Так начинают
Евгений Борисович Пастернак, вспоминая один из разговоров с отцом, рассказывает: «В связи с чтением в 10-м классе статьи Маяковского «Как делать стихи» я спрашивал у отца, как у него возникает стихотворение, с чего начинается — с гудения, как у Маяковского?
- Это ерунда. Все начинается с композиции, — сказал он. — Пока нет композиционного замысла, стихотворения не существует. Сколько бы ни подбирал строки или вслушивался в ритм, ничего еще нет. Только после возникновения композиции все и начинается».
Странно, не правда ли? Неужели Пастернак заранее предвидел, как будет расти стихотворение и чем кончится? Неужели даже стихи из «Сестры моей — жизни», такие, как «До всего этого была зима» или «Ты в ветре, веткой пробующем...», композиционно выстроены, написаны по плану? И как быть с его же утверждением «И чем случайней, тем вернее слагаются стихи навзрыд»?
Может быть, он сказал так сыну, потому что в это время (1940 год) переводил Шекспира?
Можно, конечно, согласиться, что уже в самом начале, на периферии сознания, возникает смутный образ всего стихотворения (об этом где-то есть и у Блока), т.е. примерная его величина, количество строф и т.д. И все-таки это именно очень смутное представление и уж никак не композиция.
Маяковский с его «гулом» куда правдоподобней. Сначала ему являлась тема: смерть Есенина, затем он искал нужную интонацию, буквально выхаживал ее на улицах и дома. Но как развернется стихотворение, к чему придет — вряд ли знал заранее.
Поэтическое мышление Маяковского, как правило дедуктивное, и в этом смысле он похож на поэтов ХУ111 века: те писали стихи на тему, — ода на восшествие на престол императрицы, он писал тоже «на тему»: «Рассказ литейщика Ивана Козырева о вселении в новую квартиру», «Стихи о советском паспорте», «Трус» и т.д. Недаром все его стихи имеют название, трех звездочек над стихами у него не бывает! Может быть, поэтому для него стихи начинались с «гула»: выбор темы — дело сугубо практическое, сознательное, рациональное.
(Мне-то кажется, что стихи начинаются с проблеска во тьме, с некоего озарения, с того, что можно назвать поэтической мыслью. Не вообще мысль, а поэтическая мысль, одетая в счастливую метафорическую рубашку. Собственно, на это и уходят душевные силы. Поэтическая мысль уже сама находит нужную интонацию).
Впрочем, Фет, наверное, сказал бы, что еще важней душевный подъем, жизненная энергия, воодушевление, радость бытия. В одной из статей о нем я назвал это достиховым пространством, которое можно назвать и затактовым.

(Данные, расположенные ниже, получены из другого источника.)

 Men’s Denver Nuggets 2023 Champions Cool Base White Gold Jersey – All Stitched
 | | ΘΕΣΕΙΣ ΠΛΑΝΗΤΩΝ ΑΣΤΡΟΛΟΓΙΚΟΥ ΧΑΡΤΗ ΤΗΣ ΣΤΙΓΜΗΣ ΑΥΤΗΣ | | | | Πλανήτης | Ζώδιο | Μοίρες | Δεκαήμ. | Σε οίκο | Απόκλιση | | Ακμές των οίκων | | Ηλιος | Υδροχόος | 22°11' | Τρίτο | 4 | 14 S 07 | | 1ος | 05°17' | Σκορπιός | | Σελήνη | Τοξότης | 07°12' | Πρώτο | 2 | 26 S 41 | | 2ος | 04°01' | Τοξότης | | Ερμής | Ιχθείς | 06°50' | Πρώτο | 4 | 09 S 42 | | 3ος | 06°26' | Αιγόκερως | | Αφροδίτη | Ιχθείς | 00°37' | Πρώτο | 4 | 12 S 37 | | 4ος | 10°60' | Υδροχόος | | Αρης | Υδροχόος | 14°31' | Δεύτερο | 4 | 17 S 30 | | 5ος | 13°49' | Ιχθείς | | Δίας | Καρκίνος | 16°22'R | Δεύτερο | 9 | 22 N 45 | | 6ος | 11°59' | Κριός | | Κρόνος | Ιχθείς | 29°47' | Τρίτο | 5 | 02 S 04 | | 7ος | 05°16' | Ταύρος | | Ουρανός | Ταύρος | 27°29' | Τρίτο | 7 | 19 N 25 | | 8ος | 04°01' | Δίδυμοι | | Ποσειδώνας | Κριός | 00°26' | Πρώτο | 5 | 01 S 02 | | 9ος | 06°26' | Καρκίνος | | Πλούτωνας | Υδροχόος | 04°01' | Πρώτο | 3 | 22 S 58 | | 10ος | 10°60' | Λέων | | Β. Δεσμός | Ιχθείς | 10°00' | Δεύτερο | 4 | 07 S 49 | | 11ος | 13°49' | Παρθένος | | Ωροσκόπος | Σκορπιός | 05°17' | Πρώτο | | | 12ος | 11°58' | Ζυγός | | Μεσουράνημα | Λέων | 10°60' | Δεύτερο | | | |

Кто же прав? Все правы. И Пастернак тоже. Сколько поэтов, столько и подступов к стихотворению. Скажу больше: сколько стихотворений, столько и подходов.
Спрашивают: как вы пишете стихи? И начинается «вранье». Одну из книг я назвал «Дневные сны». Разумеется, это название не имеет никакого отношения к дневному сну: днем я не сплю. «Не спите днем, пластается в
длину...» — кто же не помнит это пастернаковское предупреждение? «Дневные сны» — это стихи. Попробуйте человека спросить, что ему снилось? Человек начинает рассказывать, но поскольку сон алогичен, безумен, фрагментарен, прерывист, тут же возводятся логические мостики над пропастью, сюжет исправляется и выпрямляется в угоду логике.
Не так ли и поэт не может рассказать, как он пишет стихи? Начнет рассказывать — и «соврет». Всякий раз — по-разному. Сны повторяются редко; и плохо запоминаются.
2000
* * *
Сначала ввязаться в сраженье, ввязаться в сраженье!
А там поглядим, — говорил молодой Бонапарт.
Но пишется так же примерно и стихотворенье,
Когда вдохновенье ведет нас и, значит, азарт!
А долгие подступы, сборы, рекогносцировка, -
Позволь мне без них обойтись, отмахнуться позволь:
Так скучно, по пунктам, что даже представить неловко,
Пускай диспозицию Бенигсен пишет и Толь.
Шумите, кусты! Хорошо превратить недостаток
В достоинство. Мчитесь как можно быстрей, облака!
Короче, — твержу я себе. И всегда был я краток.
Тоска обжигала. И радость была велика.